Abstract

His-purkinje conduction system pacing is widely used as a physiological pacing. Persistent left superior vena cava (PLSVC) is a relatively rare anatomic variation in clinic. Due to the distortion of its venous access, it is a challenge for operator to achieve precise His bundle pacing. Our study aimed to evaluate the feasibility of His bundle pacing in patients with PLSVC. N/A A 57-year-old female who had the indication of pacemaker implantation with sick sinus syndrome and paroxysmal atrial tachycardia was performed with His bundle pacing. PLSVC was found during the operation. The 3830-69 lead was used through C315HIS sheath (Medtronic Inc, Minneapolis, MN, USA) at first.
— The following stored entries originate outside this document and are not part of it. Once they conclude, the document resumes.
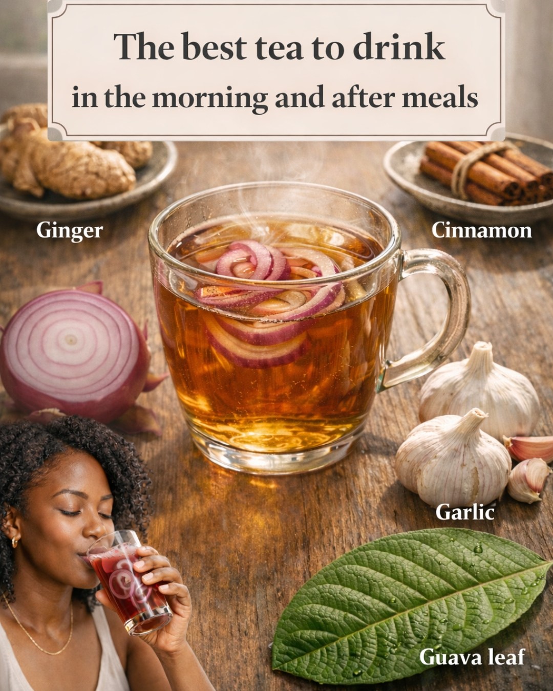 Best Morning & After-Dinner Herbal Tea Recipe with Ginger, Turmeric, Onion, Garlic, Cinnamon & Guava Leaves
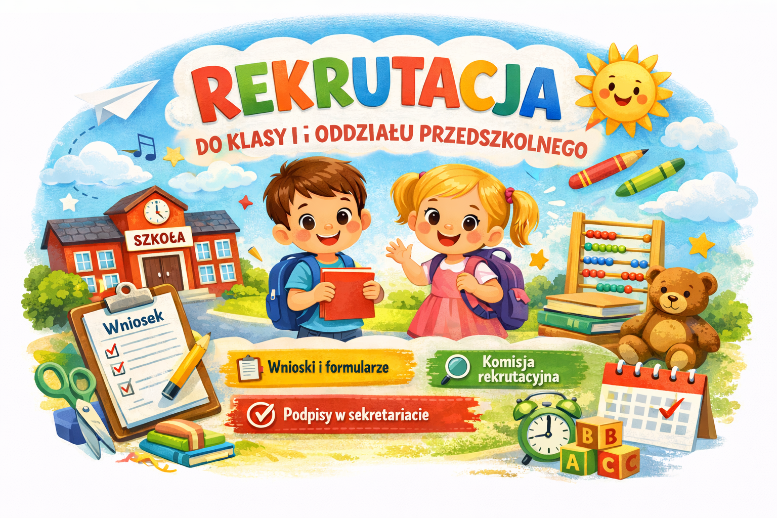Rozpoczynamy rekrutację do klasy I szkoły podstawowej oraz  oddziałów przedszkolnych na rok szkolny 2026/2027.
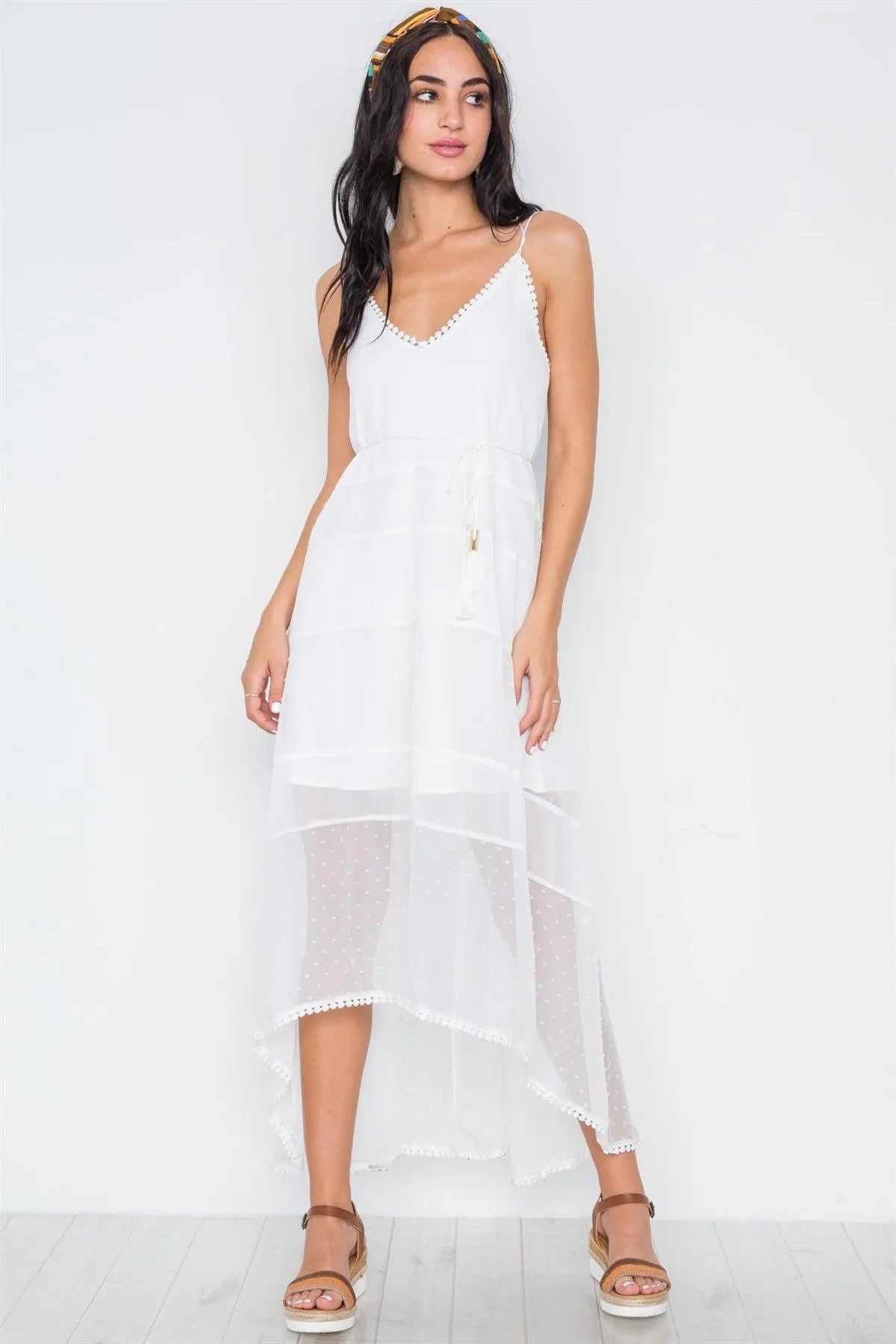 White Chiffon High-Low Cami Midi Boho Dress /1-1-2-1

However, either His bundle pacing or left bundle branch area pacing failed. Then we tried the 5076-58 active helix lead by adjusting the steel wire to double-curve shape in reverse and precisely located to His bundle. After electrode fixation, His potential and R wave with current of injury could be recorded, unipolar pacing at 0.5V/0.5ms captured only ventricular endocardium, and increased output at 1.0V/0.5ms captured His (in Fig). The R wave amplitude was 5.6mV and impedance was 570 Ω. The intraoperative electrophysiological characteristics, pacing parameters, UCG and CTA 3D reconstruction all indicated that the electrode was fixed to the ventricular side across the tricuspid valve. The threshold of His bundle was 0.5V/0.5ms on the first day after operation, and increased to 1.5V/0.5ms at two months follow-up. His bundle pacing was successfully achieved by 5076 active lead in the patient, which showed the conventional lead can achieve distal His bundle pacing via PLSVC.